### Aim of the task
Using the records below, write out again exactly the lines that begin at the line containing "859613738 Problem-solving, navigation, creativity, conceptual" and end at the line containing "Профессиональный разрыхлитель для", and no other lines.
Top of Input material
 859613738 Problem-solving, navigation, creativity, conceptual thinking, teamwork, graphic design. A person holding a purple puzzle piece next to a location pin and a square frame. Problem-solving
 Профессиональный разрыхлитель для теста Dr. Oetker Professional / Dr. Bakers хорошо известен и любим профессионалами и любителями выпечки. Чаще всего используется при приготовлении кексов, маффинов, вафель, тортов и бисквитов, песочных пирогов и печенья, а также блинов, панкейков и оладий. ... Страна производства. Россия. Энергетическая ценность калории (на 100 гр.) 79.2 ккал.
Bottom of Input material
Top of Input material
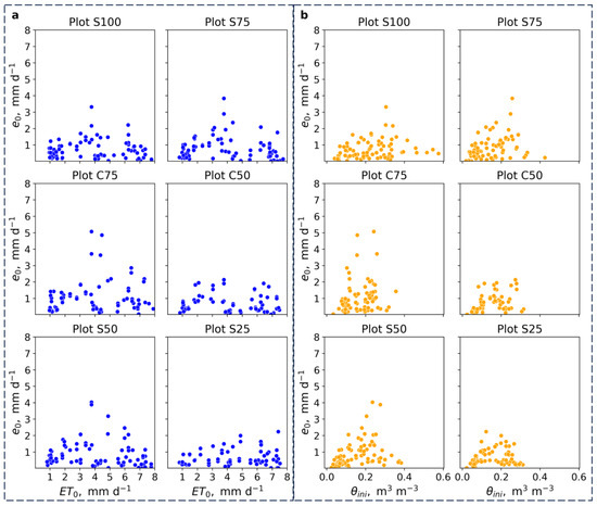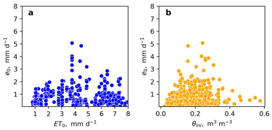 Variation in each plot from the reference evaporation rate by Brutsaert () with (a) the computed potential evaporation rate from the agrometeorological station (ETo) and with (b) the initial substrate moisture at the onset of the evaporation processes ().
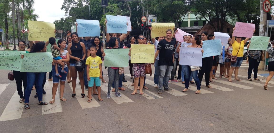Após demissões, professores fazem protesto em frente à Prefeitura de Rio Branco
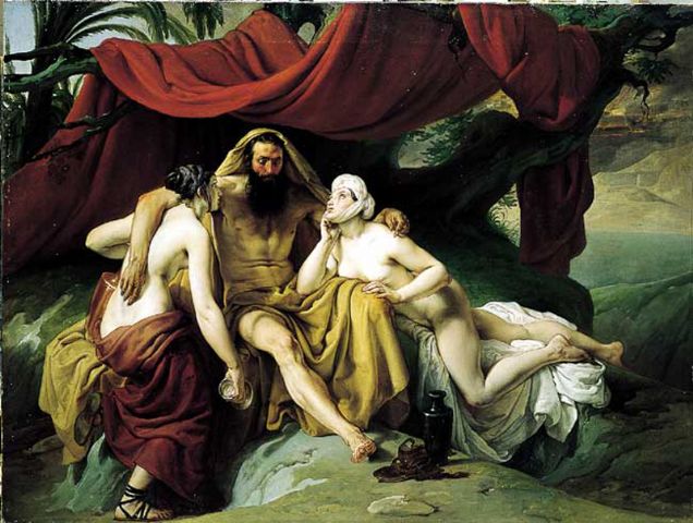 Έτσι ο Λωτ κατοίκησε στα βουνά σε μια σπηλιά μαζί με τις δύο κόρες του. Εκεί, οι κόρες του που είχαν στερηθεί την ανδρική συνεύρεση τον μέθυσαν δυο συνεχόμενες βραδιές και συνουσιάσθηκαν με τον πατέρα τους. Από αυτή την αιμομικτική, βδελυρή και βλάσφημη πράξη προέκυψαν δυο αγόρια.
Bottom of Input material
Top of Input material
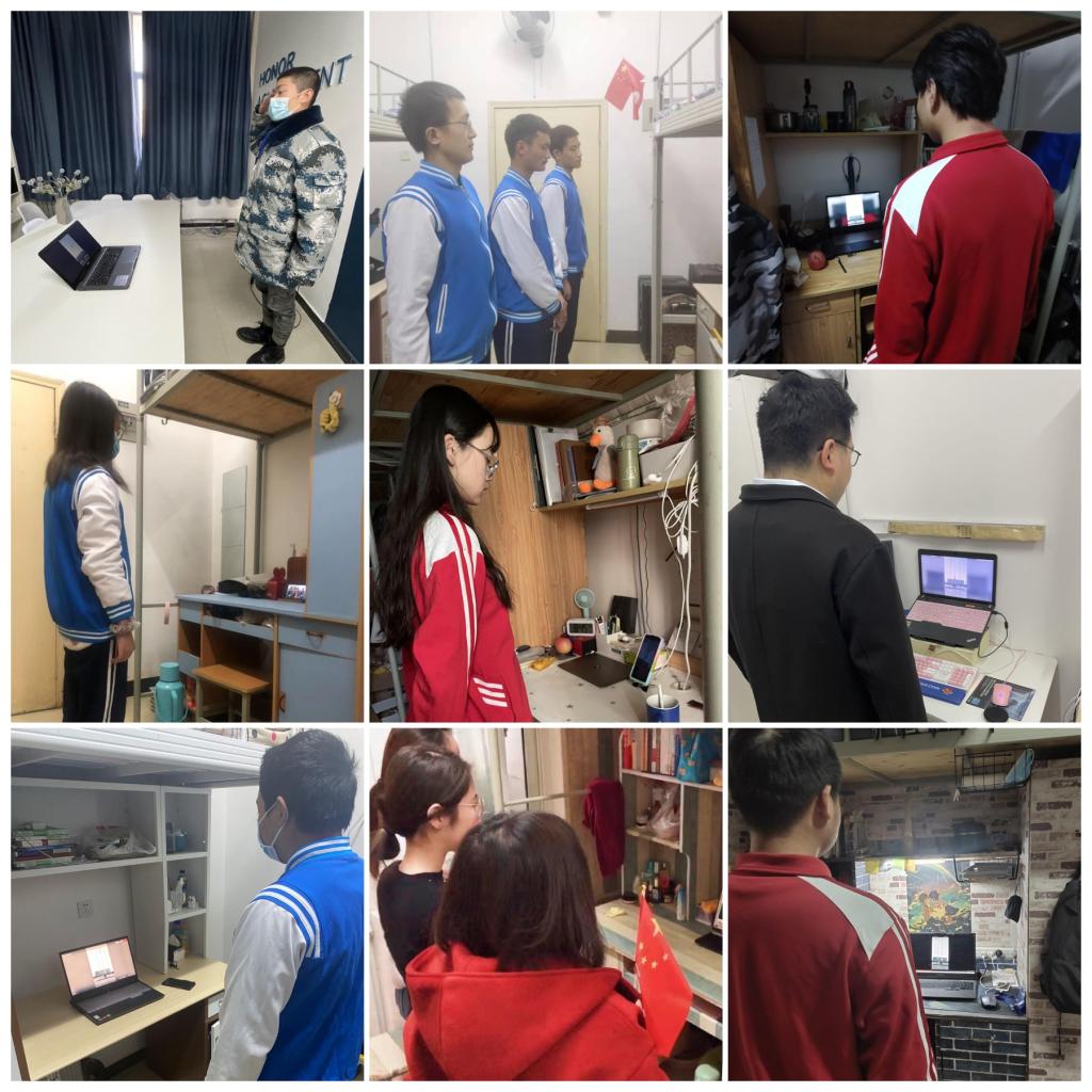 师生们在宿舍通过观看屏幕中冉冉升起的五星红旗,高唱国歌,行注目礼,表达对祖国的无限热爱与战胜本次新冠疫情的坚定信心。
Bottom of Input material
### Reply
 859613738 Problem-solving, navigation, creativity, conceptual thinking, teamwork, graphic design. A person holding a purple puzzle piece next to a location pin and a square frame. Problem-solving
 Профессиональный разрыхлитель для теста Dr. Oetker Professional / Dr. Bakers хорошо известен и любим профессионалами и любителями выпечки. Чаще всего используется при приготовлении кексов, маффинов, вафель, тортов и бисквитов, песочных пирогов и печенья, а также блинов, панкейков и оладий. ... Страна производства. Россия. Энергетическая ценность калории (на 100 гр.) 79.2 ккал.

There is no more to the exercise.